■ **Requirement**
Nothing outside the range below should be printed. Output exactly the lines from the line with "I looked it" to the line with "Andre Thorburn L50", both included.

■ **The data**
+===+

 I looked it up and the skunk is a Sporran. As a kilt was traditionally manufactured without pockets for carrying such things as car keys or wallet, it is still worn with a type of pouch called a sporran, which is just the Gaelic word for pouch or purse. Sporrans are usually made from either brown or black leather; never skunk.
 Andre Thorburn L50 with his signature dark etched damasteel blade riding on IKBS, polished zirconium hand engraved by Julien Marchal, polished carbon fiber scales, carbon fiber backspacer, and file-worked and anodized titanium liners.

+===+

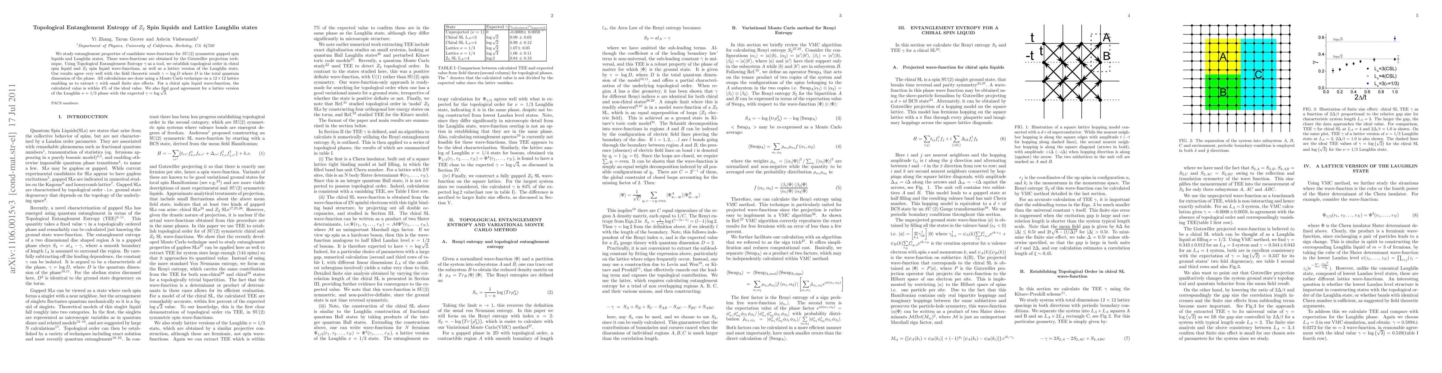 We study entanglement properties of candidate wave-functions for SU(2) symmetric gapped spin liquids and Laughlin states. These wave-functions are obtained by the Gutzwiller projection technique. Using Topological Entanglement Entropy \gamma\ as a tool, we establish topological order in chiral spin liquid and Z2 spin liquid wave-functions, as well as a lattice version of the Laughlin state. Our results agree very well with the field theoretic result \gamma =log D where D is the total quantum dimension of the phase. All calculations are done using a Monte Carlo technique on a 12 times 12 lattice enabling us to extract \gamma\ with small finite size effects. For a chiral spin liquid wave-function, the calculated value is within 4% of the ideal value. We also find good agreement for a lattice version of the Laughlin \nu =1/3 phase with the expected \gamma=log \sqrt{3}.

+===+

■ **Answer to the exercise**
 I looked it up and the skunk is a Sporran. As a kilt was traditionally manufactured without pockets for carrying such things as car keys or wallet, it is still worn with a type of pouch called a sporran, which is just the Gaelic word for pouch or purse. Sporrans are usually made from either brown or black leather; never skunk.
 Andre Thorburn L50 with his signature dark etched damasteel blade riding on IKBS, polished zirconium hand engraved by Julien Marchal, polished carbon fiber scales, carbon fiber backspacer, and file-worked and anodized titanium liners.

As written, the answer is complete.